Early C allowed you to use the '->' operator with any scaler. See early C
reference manuals. This is the reason there is one operator to access a member of a
structure using a pointer and another, '.', to access a member in a static
structure. The B language had no types, everything was a word, and dmr evolved C from B.
At first it made sense to use the '->' operator to mean add a constant to
whatever is on the left and use as an l-value.
You will also find that member names share a single name space. The simple symbol table
had an bit in each entry to delineate members from normal variables. You could only use
the same member name in two different structs if the members had the same offsets. In
other words, it was legal to add a member name to the symbol table that was already there
if the value of the symbol was the same as the existing entry.
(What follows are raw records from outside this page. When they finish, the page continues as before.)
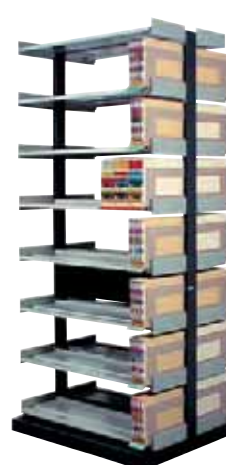
283 207 Dominal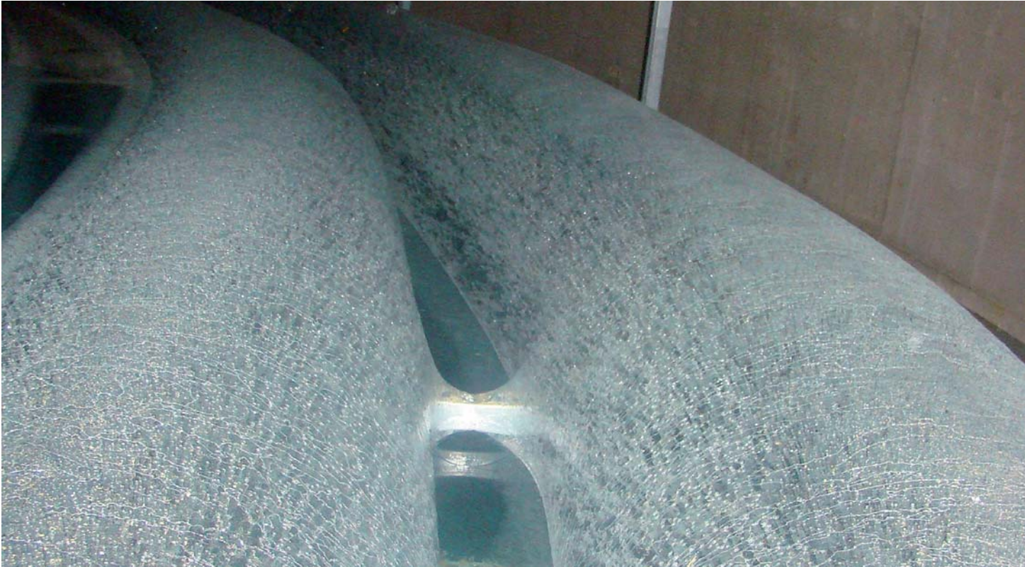
Eisbildung um den Wärmeübertrager im SolarEis-Speicher.

Im Sommer wird dagegen über die Oberfläche des Speichers Wärme an das Erdreich abgegeben. Somit stellt sich ein automatischer Regeleffekt ein, der eine Überhitzung des Speicherinhalts im Sommer verhindert.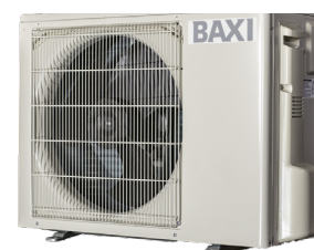
Udedel 6 KW

Dennis' compilers kept some backward compatibility even after the language evolved
away from them.
This really shows the value of evolving software instead of thinking one has all the
answers going into development. If one follows the development of C one sees the insights
learned as they went. The study of these early Unix systems have a great deal to teach
that will be valuable in the post Moore's law age. Much of the worlds software will
need to a re-evolution.
By the way, did you notice the compiler overwrites itself? We used to have to work in
tiny spaces. Four megabytes was four million dollars.
Sent from my iPad
On Oct 27, 2014, at 6:42 AM, Jason Stevens
<jsteve(a)superglobalmegacorp.com> wrote:
has anyone ever tried to compile any of the old C compilers with a 'modern'
C compiler?
I tried a few from the 80's (Microsoft/Borland) and there is a bunch of
weird stuff where integers suddenly become structs, structures reference
fields that aren't in that struct,
c01.c
register int t1;
....
t1->type = UNSIGN;
And my favorite which is closing a bunch of file handles for the heck of it,
and redirecting stdin/out/err from within the program instead of just
opening the file and using fread/fwrite..
c00.c
if (freopen(argv[2], "w", stdout)==NULL ||
(sbufp=fopen(argv[3],"w"))==NULL)
How did any of this compile? How did this stuff run without clobbering
each-other?
I don't know why but I started to look at this stuff with some half hearted
attempt at getting Apout running on Windows. Naturally there is no fork, so
when a child process dies, the whole thing crashes out. I guess I could
simulate a fork with threads and containing all the cpu variables to a
structure for each thread, but that sounds like a lot of work for a limited
audience.
But there really is some weird stuff in v7's c compiler.